Я так подробно пересказываю и цитирую потому, что вижу здесь нечто вроде credo Горенштейна – еврея-мизантропа-пессимиста. Интеллигенты, которые верно служат хаосу лжи и ненависти, как Ю., «подружившийся» с сотрудником КГБ, хамом и антисемитом, и дрожащий перед любым начальственным окриком, ничуть не лучше, а может быть, и хуже, чем «а простэр, а пошэтэр ид», «а бал-мэлохэ», рвущийся к выгоде любой ценой, не ведающий ни морали, ни аморальности. Оба негодяи.

Рискую изложить свое убеждение, что все, написанное и опубликованное Горенштейном, следует поверять этим credo. Где оно ясно просвечивает сквозь буквы и слова, там и только там вершины созданного им. Где непрощаемая обида и порожденный ею неукротимый гнев не чувствуются или приглушены – оттеснены на задний план, спрятаны или исключены вовсе, – там нет Горенштейна в полную силу, в полном блеске его возможностей. Не стану, не хочу представлять списки, производить селекцию и ставить отметки, любой, кто со мною согласится хотя бы отчасти, выставит свои. Но, думаю, не только друзья, но и недруги согласятся, что нигде бунтарский, еретический, специфически горенштейновский дух еврейства не явил себя в такой концентрации, как в романе «Псалом», «романе-размышлении», как определяет его автор в подзаголовке, романе в пяти притчах, через которые проходит «Дан, Аспид, Антихрист, посланец Господа», которого миссия – Суд и Проклятье. Этот персонаж выстроен изощреннейшей фантазией, соединившейся с удивительным проникновением не только в смысл, в мысль Библии, но и в самоё интонацию ее русского извода. Авторские же наблюдения очевидным образом перекликаются с credo. Несколько примеров:

«Всякий раз, когда Моисей пытался отречься от своего неблагодарного народа, его уговаривал Господь пересилить свой справедливый гнев не во имя этого народа, который так же дурен, как и иные народы…» («Притча о разбитой чаше»).
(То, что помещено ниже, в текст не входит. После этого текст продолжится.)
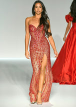 Go glam in this stunning long beaded prom dress by Sherri Hill! Sherri Hill 57065 is a stunning long beaded prom dress by Sherri Hill. The moment you walk in the door at prom, all eyes will be on you in this strapless long prom dress! The fitted strapless sweetheart bodice is accented with stunning elegant beaded sequin detail in a lattice pattern. The long prom dress skirt is adorned with linear rows of sparkling sequins and a high slit for added movement when you walk along the dance floor! The pictured color is nude/red/fuchsia. We love this as a prom dress, pageant dress and more!.
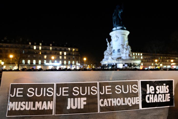« Je suis musulman, je suis juif, je suis catholique, je suis Charlie », disent des pancartes installée de la République à Paris, le 8 janvier 2015, au lendemain de l’attaque contre Charlie Hebdo. BERTRAND GUAY/AFP
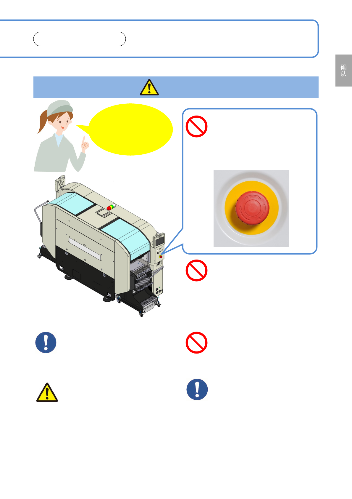 NPM-D3 EJM6DC-SF-01N-0 2 未经专门培训者请勿 进行操作、调整、修 理 ( 错误操作、错误调整、错误修理可能造成 受伤 ) ●培训情况请与本公司联络。 正确安装地线 ( 故障或漏电时,可能触电 ) ●请与专门的电力公司联络。 有电气贯通的部分, 请勿用针类金属等导电体碰触 ( 可能触电 ) ●连接器或端子等的通电部 小心高温 ( 可能烫伤 ) ●贴有此标记的警告标牌部分,可能 是高 温状态。 ●运转停止后,也有可能…
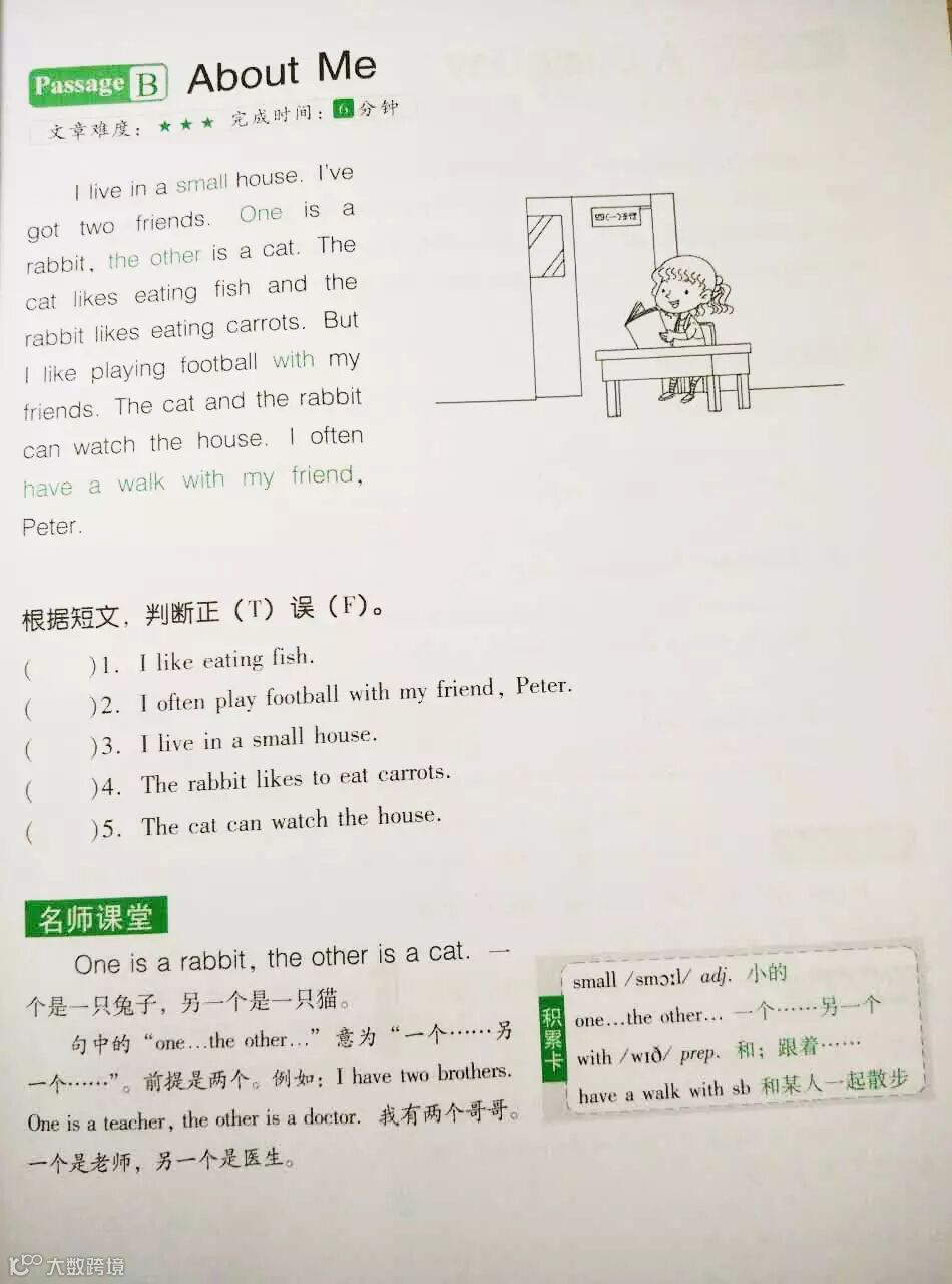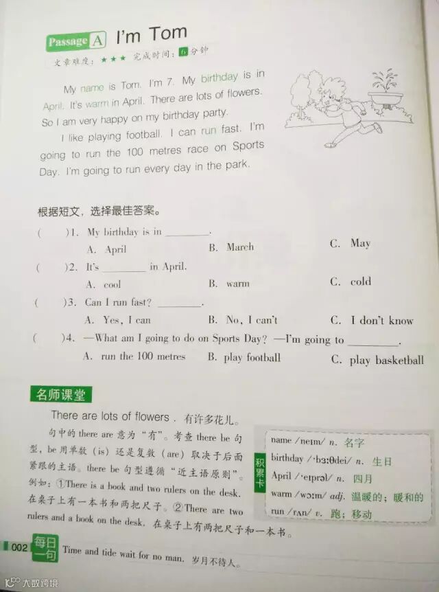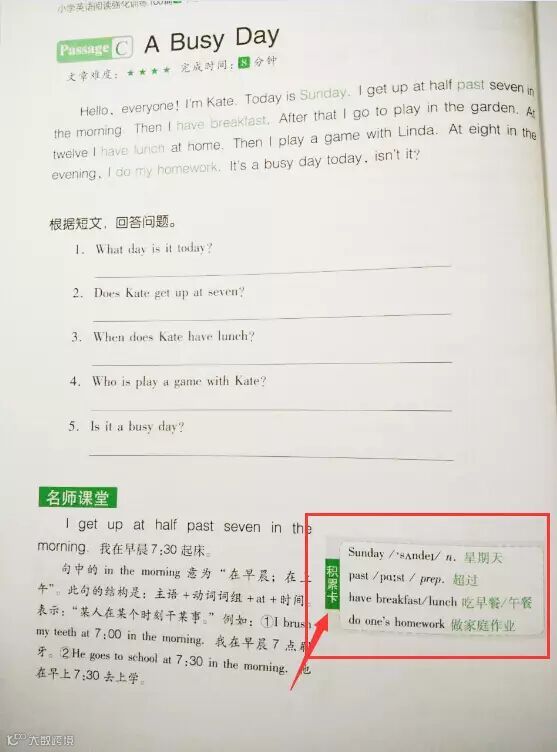 “积累卡”,精析材料中的重点单词、短语;“名师讲堂”,从实例中解析语法知识;“每日一句”,经典名言、谚语大展览。从英语学习词汇、语法到句子,学生全方位积累英语素材,拓展知识面。

«…За триста лет до Рождества Христова и до вырождения великого библейского характера…» («Притча о болезни духа»).

«Дан знал, что любить человека – значит превозмочь к нему отвращение, однако даже великие пророки в момент слабости своей не могут скрыть отвращения к людям» («Притча о муках нечестивцев»).

Нет слов (не эти и подобные переклички в «посыле» делают шедевром «Псалом» или «Искупление»), чтобы указать на прозу, совершенно с «Псалмом» не схожую. Но само их наличие есть знак, предвестье высокого художества, которого тексты, лишенные еврейской коннотации, регулярно не достигают.

О мастере-еврее я и пишу, об уникальном, неподражаемом мастере-еврее плачу.

  1. * Шоа – катастрофа (иврит). Здесь – Катастрофа европейского еврейства.